There is no question that women do more unpaid domestic labour than men. In fact women do around 26 hours of unpaid cleaning & domestic work per week, whereas men do just 16. So women are doing 60% more work at home than men.
Why? Often because doing it yourself is easier than getting a male partner to help.
This week a woman took to Twitter to share that she thinks it is 'cute' that she has to send her boyfriend pictures of what to buy in the supermarket, or else he's not able to bring home the right items.
It's not cute though, is it? It's annoying. And eventually she will probably work out that it takes longer to make a shopping list picture book, and start doing the shop herself. Which, subconsciously or consciously, is the aim of this ineptitude.
If you do something badly enough, eventually someone else will take over the task and then you'll have more time to sit around doing sweet FA.
Similarly, the internet was rocked this week by a picture of a sticker reward chart on a wall, where the tasks were for the family's father, rather than a small child.
It has been suggested that this reward chart might be satirical, but even if this one isn't totally genuine, you can buy a 'honey do list' online which specially sets out how to request chores from your partner without 'nagging'. If you search for a 'husband reward chart' there are hundreds of them online.
We've all seen it in action - men who use their ineptitude as an excuse not to help out. Men who are so poor at household tasks that their wives and girlfriends take on the responsibility for the entire cleaning/cooking/ domestic routine to save time.
Those men are usually quite good fun. They're the ones you enjoying going for a drink with, the ones who are a great laugh. But being a nice guy and a great laugh does not absolve you from sharing the burden of running a household.

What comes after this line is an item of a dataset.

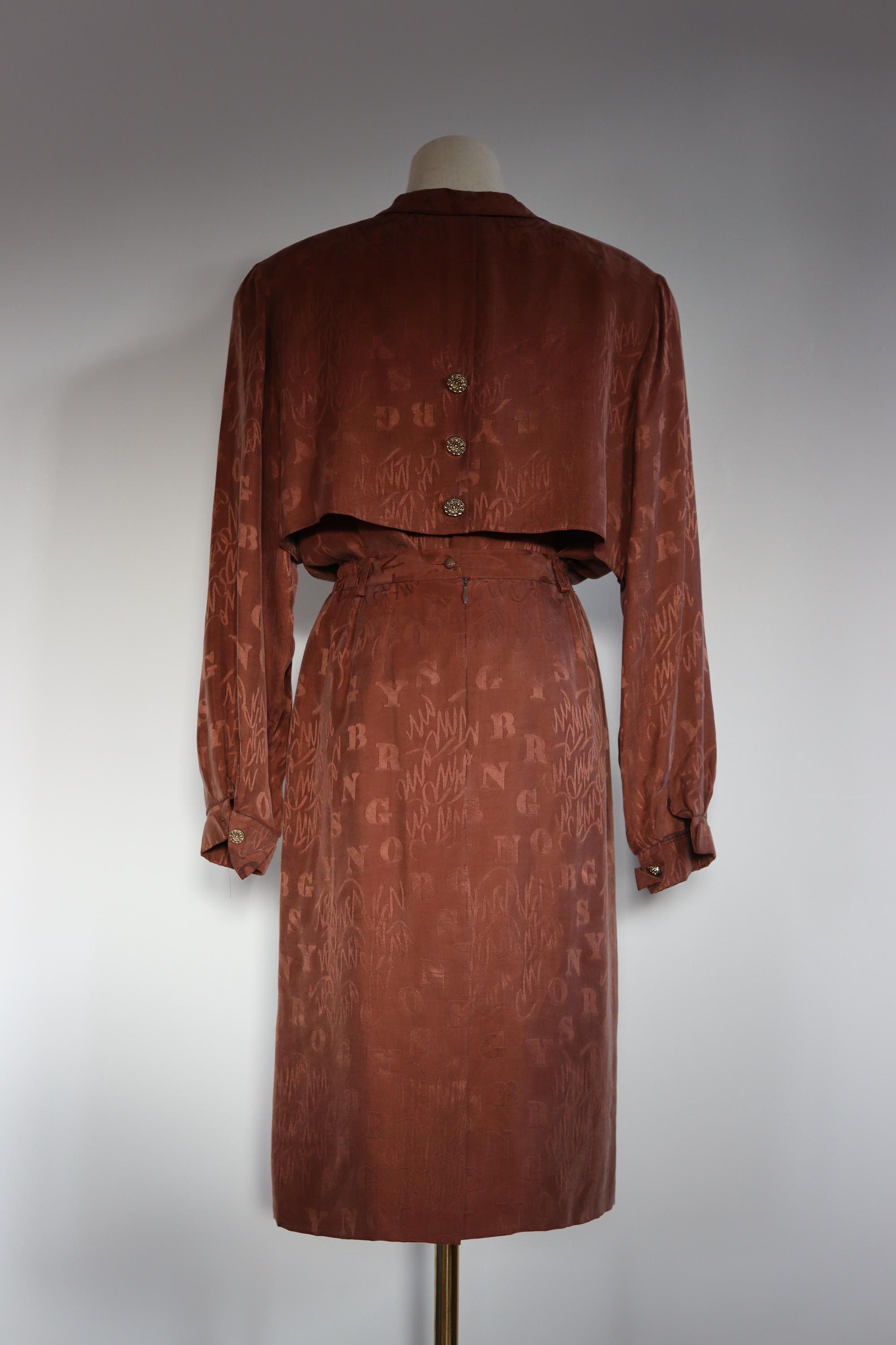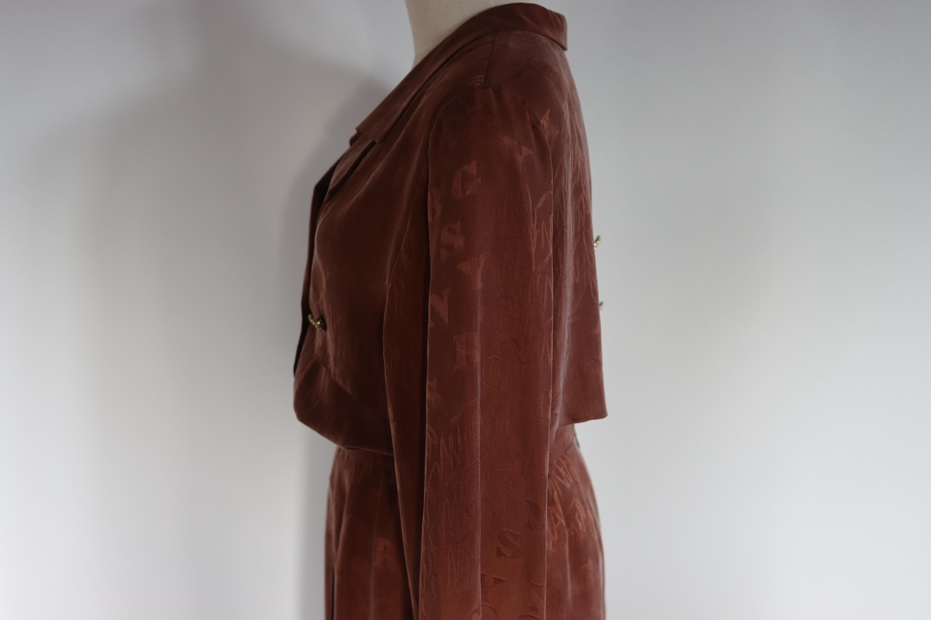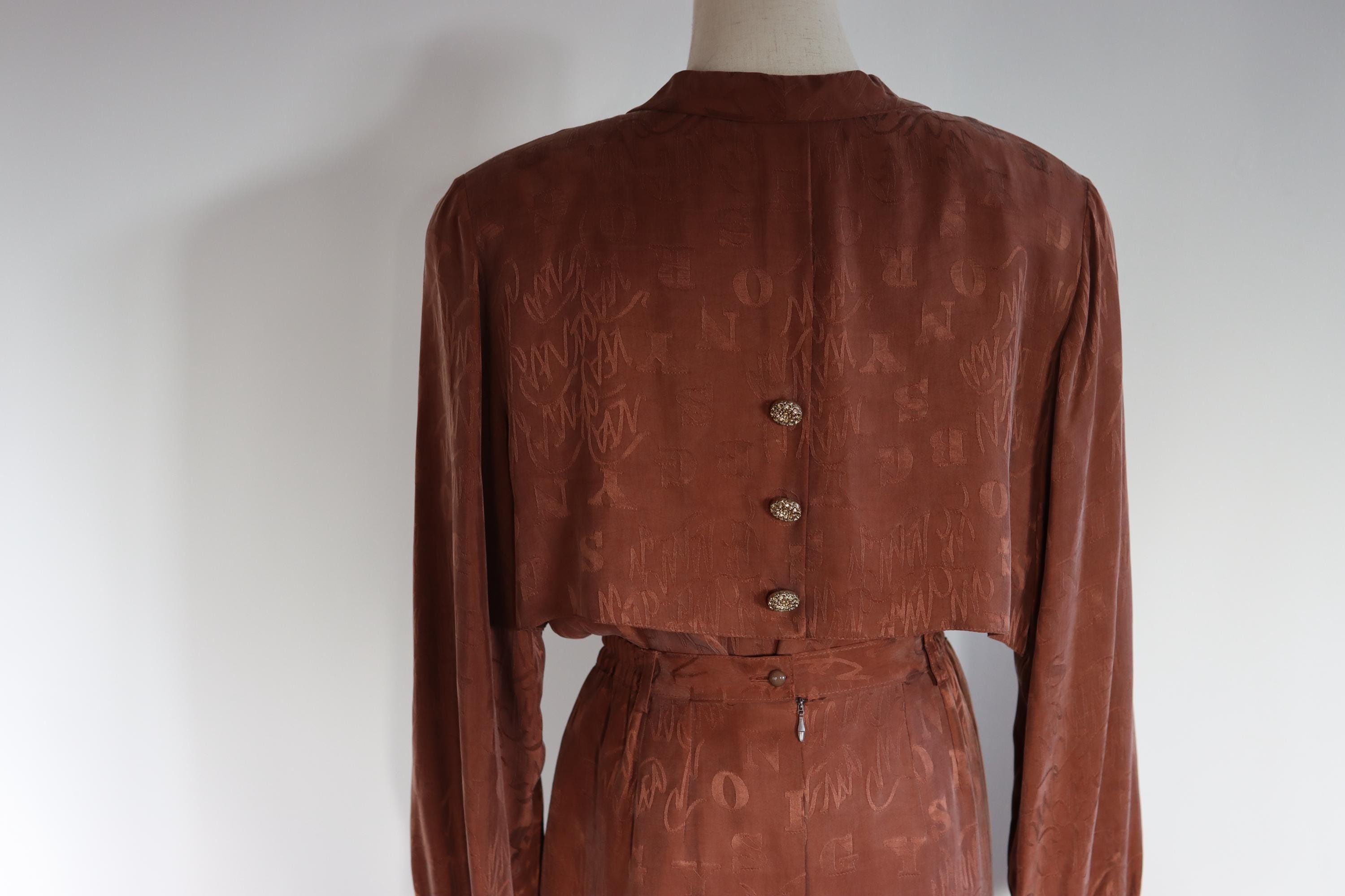 An evening skirt suit with monogram print in a silky cupro fabric. The long blouse has shoulder pads and a cape back with gold buttons so it hangs really beautifully when tucked into the knee length skirt which features side elastic for extra comfort. Lots of lovely details.

Usually when you think about misogyny it's the big hitters. The violent stuff. Men who run entire Twitter accounts dedicated to body shaming women. The big fat indefensible sexism which we all know is wrong.
But there is also another kind of sexism, and it's hiding in plain sight. It's the kind of sexism that comes when women get into romantic relationships with people who are 'just a bit useless'. A very special kind of useless which renders the man in question unable to help around the home.
Very few household tasks are too difficult for an average adult to manage. Washing up, loading the dishwasher, hoovering, cooking a basic meal, dusting, doing a food shop or wiping down the bathroom - do any of these sound like rocket science?
Men who are 'useless' around the house are often seen by their partners as 'cute' or 'sweet', as if their ineptitude is sort of bumbling charm. But in reality, opting not to help around the house is an act of misogyny.
Being 'rubbish' at housework stems from an assumption that your time is too valuable to learn how to do something helpful. This assumption is responsible for the 'second shift' - an expression which describes how women often do an entire day at work and then get home to do another work shift, only this time it's unpaid.
It's not that these men are actually unable to perform these tasks, it's that they don't want to. And so they don't. And rather than forcing their partner to do them, or 'nagging' (a deeply sexist term for asking someone to do a task that they should be doing anyway), women do the job for them.
If you're in a relationship with someone who is 'useless' at household chores it might seem easier to do whatever task you're dealing with, rather than accept it being done to a low standard, or request multiple times that it gets done. But when you do a job for your partner, not only do you add to your own workload, you send the message that it's okay for them to slack off.
Last year Celine Smith wrote about how she's dumped her friends who treat their partners like children, exhausted by watching them leave pre-prepped meals for their man if they go out for dinner, or praising dads who 'babysit' their own children.
Women have absolutely got to stop accepting ineptitude as an excuse for laziness. All household tasks should be split 50/50 between the working adults in the house. If you're a couple with one stay at home parent then domestic labour should be calculated according to working hours. Any other arrangement is just plain unfair.
As is so often the case, the mess wasn't made by women, but it's us who has to clear it up. But on the upside, if we play our cards right, it'll be the last mess of someone else's making that we have to clear up.